* WHAT YOU HAVE TO DO *
Word for word, restate the lines of the data below between those holding "다음은 평등에 대해 설명한" and "Трехкомнатная квартира оснащена", inclusive; pictures do not belong in the copy.
====== RECORDS FOR THIS TASK ======
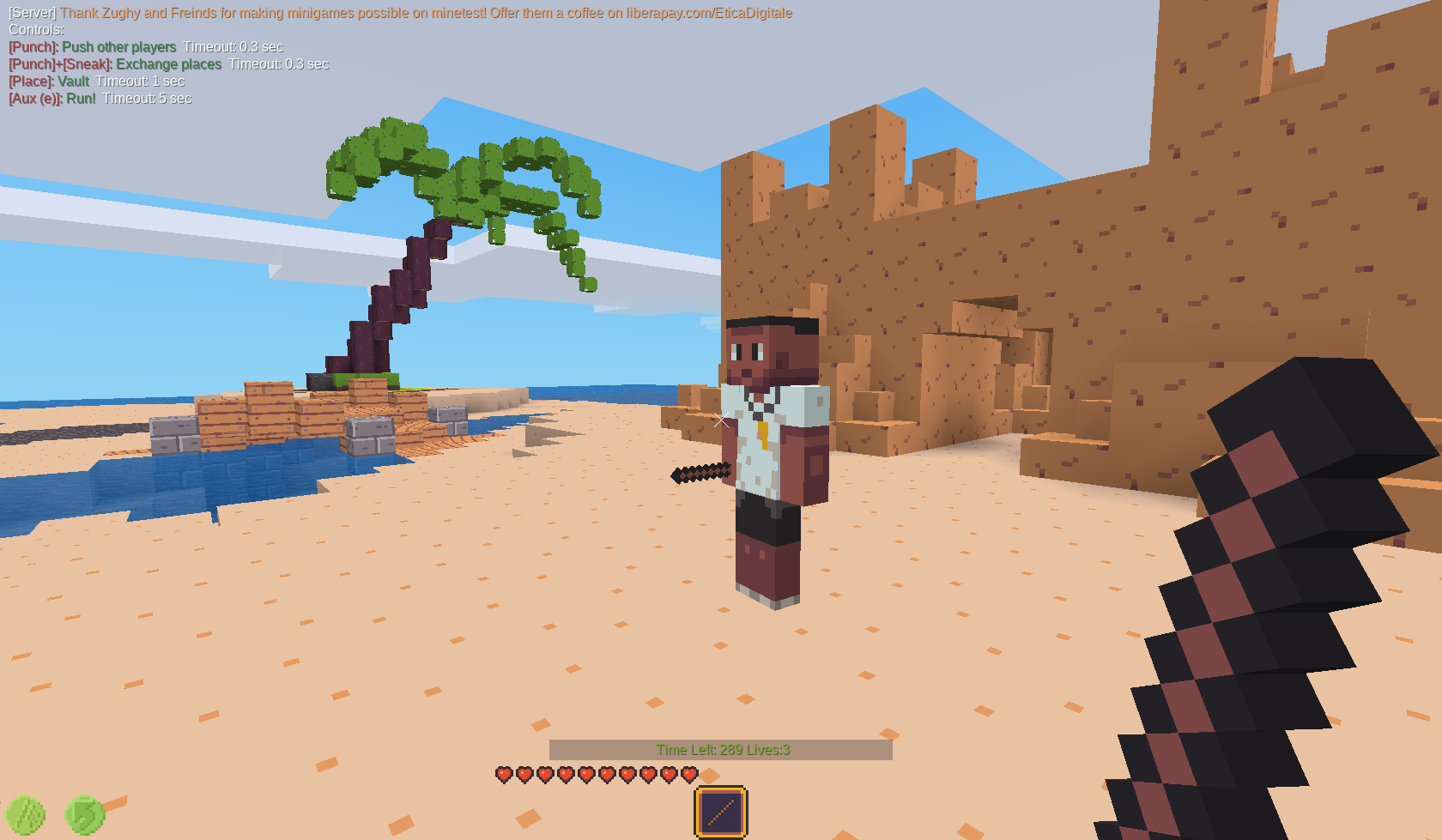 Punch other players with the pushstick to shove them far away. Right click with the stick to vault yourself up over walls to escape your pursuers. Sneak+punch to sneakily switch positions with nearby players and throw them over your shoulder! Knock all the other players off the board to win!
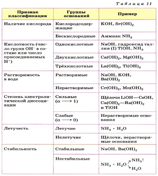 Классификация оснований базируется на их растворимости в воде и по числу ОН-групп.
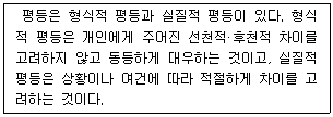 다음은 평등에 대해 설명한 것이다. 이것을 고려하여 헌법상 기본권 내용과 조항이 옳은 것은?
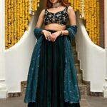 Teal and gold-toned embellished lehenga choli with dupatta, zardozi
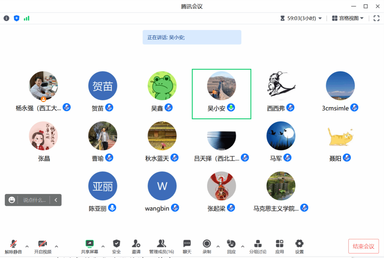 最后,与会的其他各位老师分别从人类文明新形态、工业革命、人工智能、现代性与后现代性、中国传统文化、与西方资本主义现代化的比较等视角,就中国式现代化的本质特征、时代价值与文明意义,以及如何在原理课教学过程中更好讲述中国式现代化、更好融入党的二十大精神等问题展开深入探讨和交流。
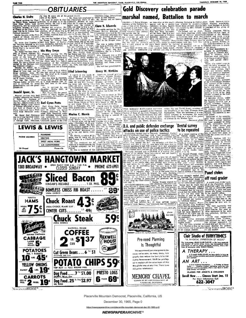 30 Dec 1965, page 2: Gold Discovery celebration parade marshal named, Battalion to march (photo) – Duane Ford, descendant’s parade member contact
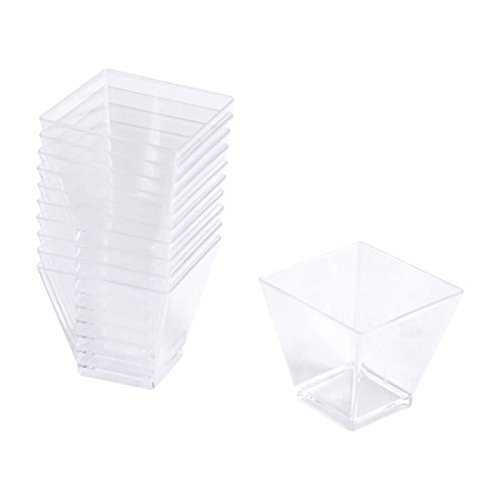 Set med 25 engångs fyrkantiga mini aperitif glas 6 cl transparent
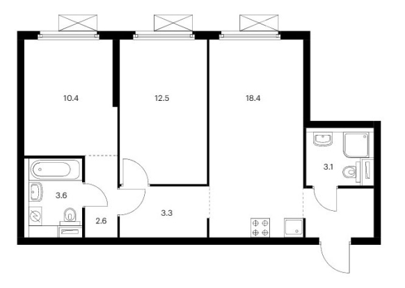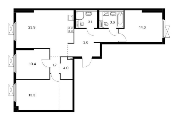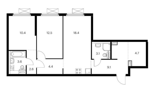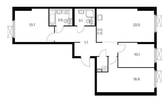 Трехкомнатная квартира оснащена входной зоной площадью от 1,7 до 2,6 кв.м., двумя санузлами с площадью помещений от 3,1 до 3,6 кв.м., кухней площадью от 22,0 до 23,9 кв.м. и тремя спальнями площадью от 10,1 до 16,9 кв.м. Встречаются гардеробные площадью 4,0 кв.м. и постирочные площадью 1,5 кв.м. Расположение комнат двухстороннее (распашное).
======
====== RECORDS FOR THIS TASK ======
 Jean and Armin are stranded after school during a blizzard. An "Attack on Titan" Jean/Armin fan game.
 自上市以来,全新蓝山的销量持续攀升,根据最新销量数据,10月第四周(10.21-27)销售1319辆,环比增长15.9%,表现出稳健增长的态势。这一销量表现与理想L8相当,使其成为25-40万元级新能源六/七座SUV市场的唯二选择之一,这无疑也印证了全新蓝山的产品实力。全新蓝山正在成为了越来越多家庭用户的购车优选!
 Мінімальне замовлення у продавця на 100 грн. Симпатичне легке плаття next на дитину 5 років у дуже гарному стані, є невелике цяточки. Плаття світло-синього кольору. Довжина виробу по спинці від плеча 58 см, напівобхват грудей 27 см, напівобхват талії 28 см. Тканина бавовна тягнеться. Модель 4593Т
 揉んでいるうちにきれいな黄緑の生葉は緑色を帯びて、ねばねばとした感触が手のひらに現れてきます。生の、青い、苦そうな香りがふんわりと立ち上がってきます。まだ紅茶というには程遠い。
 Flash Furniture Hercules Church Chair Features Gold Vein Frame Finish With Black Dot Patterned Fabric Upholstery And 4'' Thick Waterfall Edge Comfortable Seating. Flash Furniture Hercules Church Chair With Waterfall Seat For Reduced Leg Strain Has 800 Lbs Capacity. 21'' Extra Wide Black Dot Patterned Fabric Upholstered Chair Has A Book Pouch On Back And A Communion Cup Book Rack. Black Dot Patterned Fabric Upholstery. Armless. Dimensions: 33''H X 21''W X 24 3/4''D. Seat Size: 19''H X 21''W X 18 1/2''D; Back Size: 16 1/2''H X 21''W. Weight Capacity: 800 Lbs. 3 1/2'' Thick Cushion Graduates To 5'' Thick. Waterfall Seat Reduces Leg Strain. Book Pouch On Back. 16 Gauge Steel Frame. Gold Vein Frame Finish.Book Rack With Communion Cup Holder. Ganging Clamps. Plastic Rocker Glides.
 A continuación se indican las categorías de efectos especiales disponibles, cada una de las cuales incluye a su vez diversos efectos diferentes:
======
* RESULT OF THIS TASK *
 다음은 평등에 대해 설명한 것이다. 이것을 고려하여 헌법상 기본권 내용과 조항이 옳은 것은?
 Teal and gold-toned embellished lehenga choli with dupatta, zardozi
 最后,与会的其他各位老师分别从人类文明新形态、工业革命、人工智能、现代性与后现代性、中国传统文化、与西方资本主义现代化的比较等视角,就中国式现代化的本质特征、时代价值与文明意义,以及如何在原理课教学过程中更好讲述中国式现代化、更好融入党的二十大精神等问题展开深入探讨和交流。
 30 Dec 1965, page 2: Gold Discovery celebration parade marshal named, Battalion to march (photo) – Duane Ford, descendant’s parade member contact
 Set med 25 engångs fyrkantiga mini aperitif glas 6 cl transparent
 Трехкомнатная квартира оснащена входной зоной площадью от 1,7 до 2,6 кв.м., двумя санузлами с площадью помещений от 3,1 до 3,6 кв.м., кухней площадью от 22,0 до 23,9 кв.м. и тремя спальнями площадью от 10,1 до 16,9 кв.м. Встречаются гардеробные площадью 4,0 кв.м. и постирочные площадью 1,5 кв.м. Расположение комнат двухстороннее (распашное).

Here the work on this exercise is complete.